Understanding and managing the acquisition and deployment of talent has emerged as the primary use-cases for analytics in the channel and has been a key area of focus at the automation and devops consultancy Vibrato.

CEO and co-founder Peter Gatt says the need to manage the human side of supply and demand led the company to create a model that brought in data from its CRM system, general industry financial information and even data from the press, to build up a predictive capability.

“We can forecast on work coming through the pipeline and what that translates to, as well as what our hiring should be,” Gatt says. “We run can models that forecast where the work will be and start to forecast what the revenue will be and actual cash on hand, based on things like payment dates and average debtor days. That helps us forecast where we are going to be in three, six or 12 months.”

Vibrato has also taken its predictive capabilities one step further by beginning to model future scenarios, such as if three of its clients suddenly went out of business.
“It helps us analyse risk for the company,” Gatt says.

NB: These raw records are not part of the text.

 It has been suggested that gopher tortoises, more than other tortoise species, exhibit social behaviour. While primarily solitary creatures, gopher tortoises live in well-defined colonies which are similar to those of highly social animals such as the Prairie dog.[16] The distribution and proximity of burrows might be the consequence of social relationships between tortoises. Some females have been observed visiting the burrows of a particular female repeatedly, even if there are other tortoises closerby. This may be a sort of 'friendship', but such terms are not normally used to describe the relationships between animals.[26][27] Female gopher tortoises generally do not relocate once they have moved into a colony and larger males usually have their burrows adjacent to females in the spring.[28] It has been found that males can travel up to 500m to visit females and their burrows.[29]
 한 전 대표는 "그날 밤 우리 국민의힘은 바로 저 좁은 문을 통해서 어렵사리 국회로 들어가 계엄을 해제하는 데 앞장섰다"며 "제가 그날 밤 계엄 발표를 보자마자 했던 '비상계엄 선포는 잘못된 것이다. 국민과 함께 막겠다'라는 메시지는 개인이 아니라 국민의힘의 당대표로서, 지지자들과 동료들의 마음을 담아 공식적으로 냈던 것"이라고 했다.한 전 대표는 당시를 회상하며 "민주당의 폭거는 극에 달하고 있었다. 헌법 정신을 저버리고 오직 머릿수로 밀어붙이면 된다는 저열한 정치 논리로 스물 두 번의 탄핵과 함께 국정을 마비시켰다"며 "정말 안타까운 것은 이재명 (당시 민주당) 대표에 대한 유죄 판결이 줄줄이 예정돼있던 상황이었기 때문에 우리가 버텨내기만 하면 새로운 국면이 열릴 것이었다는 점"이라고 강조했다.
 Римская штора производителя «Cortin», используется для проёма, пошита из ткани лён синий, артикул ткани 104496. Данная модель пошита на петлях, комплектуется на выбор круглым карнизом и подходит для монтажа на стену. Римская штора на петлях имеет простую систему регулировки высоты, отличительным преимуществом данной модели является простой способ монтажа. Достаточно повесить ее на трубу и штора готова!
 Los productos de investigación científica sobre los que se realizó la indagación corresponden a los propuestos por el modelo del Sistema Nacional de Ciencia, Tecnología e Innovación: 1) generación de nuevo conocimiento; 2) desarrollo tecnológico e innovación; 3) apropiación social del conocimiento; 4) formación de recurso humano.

One of the outcomes of improving the utilisation of human resources is the elimination of ‘bench time’, when consultants are between projects. While this helps with revenue, it leaves few resources available to work on internal projects. So Gatt says the company has introduced a concept called ‘gym time’.

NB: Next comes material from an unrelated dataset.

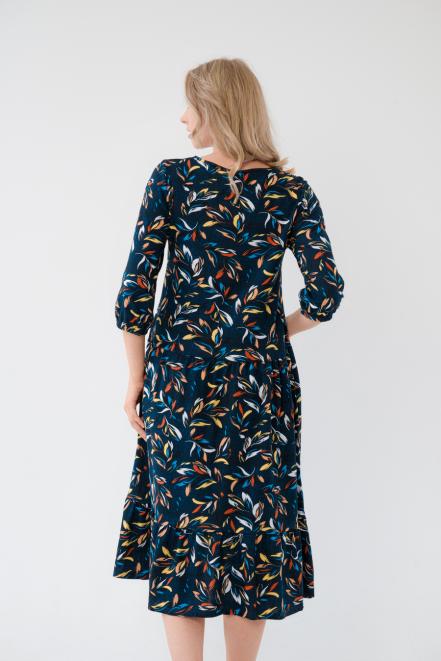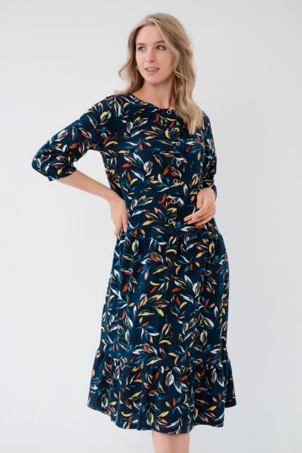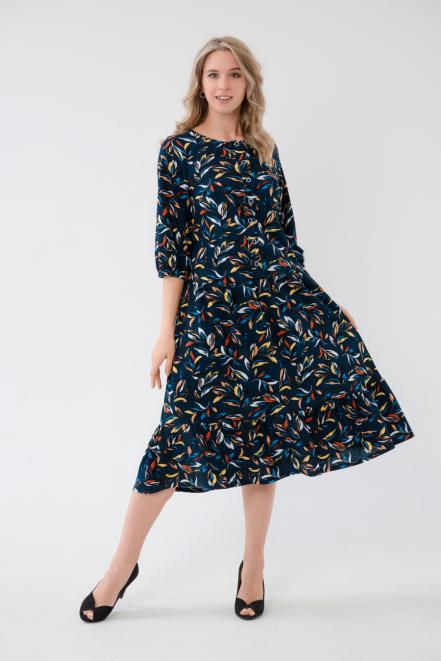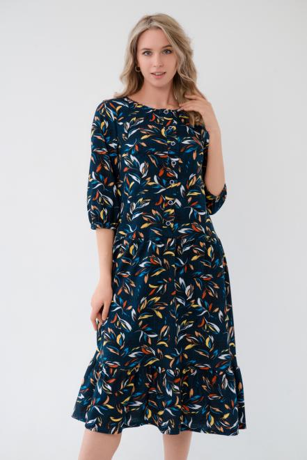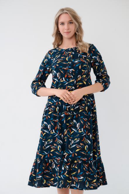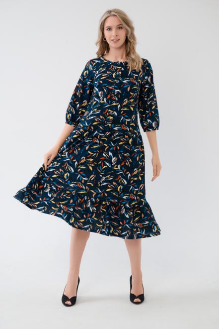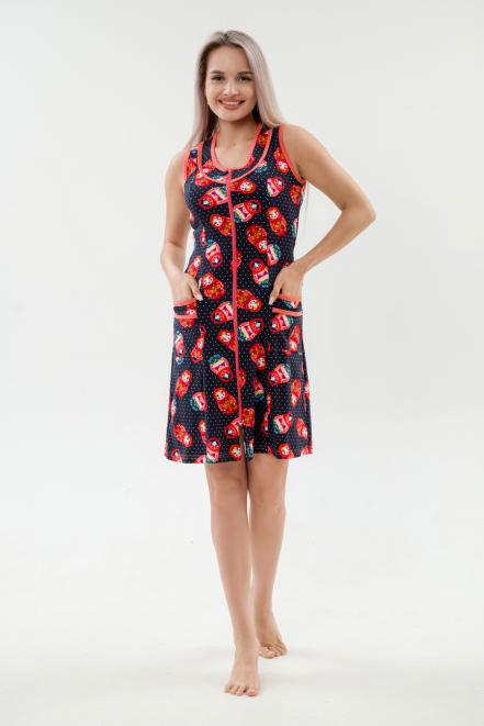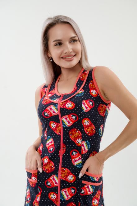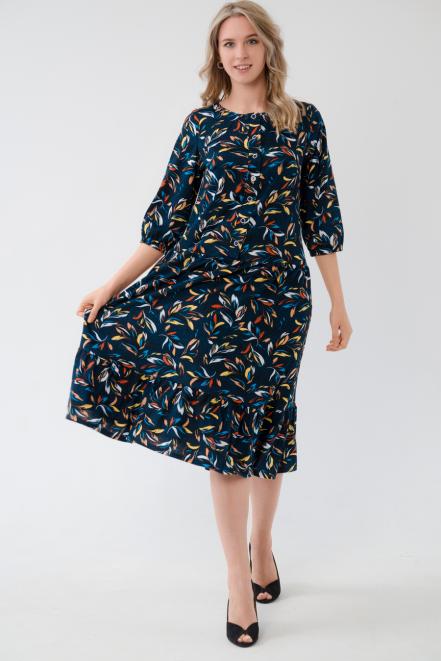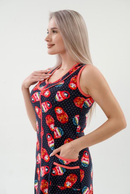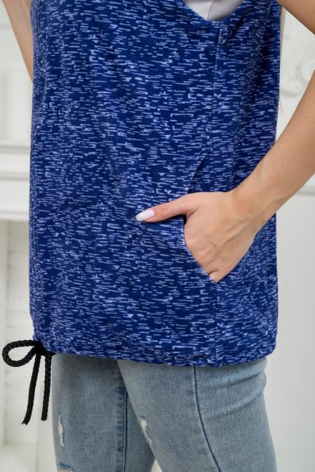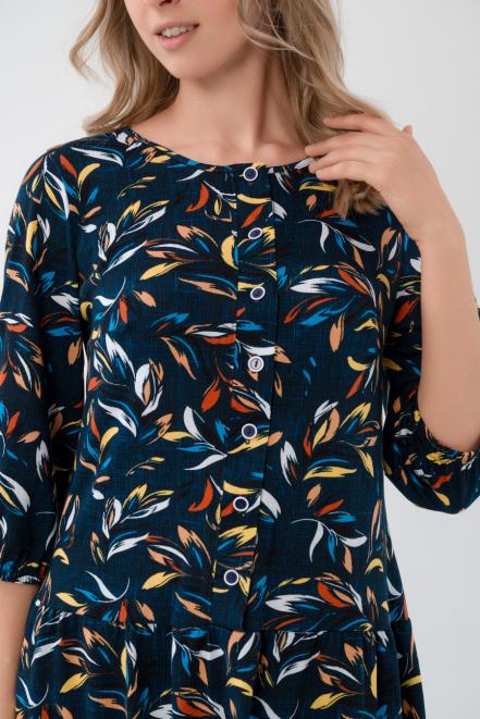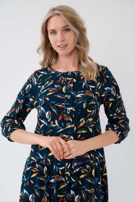 Блуза женская из кулирки Матильда горошек на тёмно-синем макси

“We have structured programs in place internally where we build IP capability and product,” Gatt says. “Instead of having a gap in any one person’s time, they are booked in for weeks at a time to work on an internal product, which often gets on-sold to a client.

“The hardest thing is for an organisation to stop and spend time and resources on their own thing. We had to make some pretty hard decisions and make financial space to make it happen. But as you grow you need to make sure your organisation can tap into those things.”

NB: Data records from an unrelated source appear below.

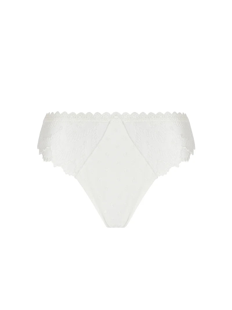 Engineered for invisibility under tight garments, this thong offers a barely-there back with beautifully embroidered front lace. The tulle ensures breathability while scalloped edges enhance a refined finish. Ideal under dresses or as part of a coordinated set for bridal or everyday elegance.
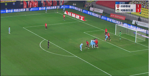 第37分钟,河南左路角球开出,科维奇甩开胡睿宝头球破门,1:2,河南队反超比分!
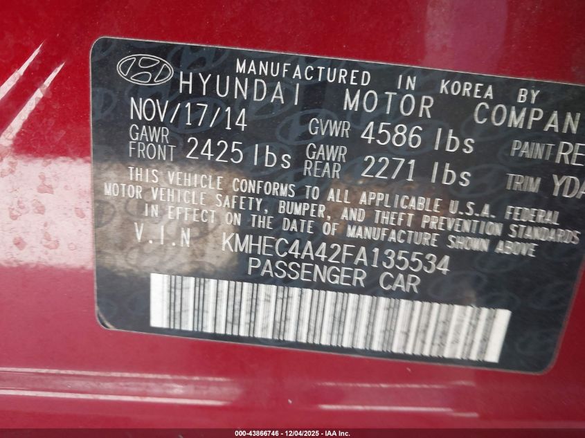 2015 HYUNDAI SONATA 2015 року Гибрид, 2.4, Передний привод, vin - KMHEC4A42FA135534 из США

While these technologies are often applied at the back end, they are also starting to play a customer-facing role. The Sydney-based AI specialist consulting house Carrington Associates Asia Pacific has made a name for itself within the IBM Watson community and for its own machine learning-based creations and is using that expertise to help manage its pipeline.

Carrington’s managing director Sachin Khisti says his company has been using chatbots to help within its sales process and is planning to run campaigns where chatbots will provide the initial customer interface, drawing in information from LinkedIn and other sources to gain greater insights about prospects.

“These chatbot conversations help qualify if something is really a lead or not,” Khisti says. “And then at the end of the campaign we can analyse the questions that have been asked, to know if we have been responding to them well.”

Khisti says having a track record using technology such as Watson is essential when pitching for business, and has enabled his team to turn up to prospective clients with demonstrations, rather than just presentations.

“We can’t sell something for others which we can’t utilise ourselves,” Khisti says. “That gives a lot of confidence to customers that we are not just selling it on PowerPoint but have actually done it.”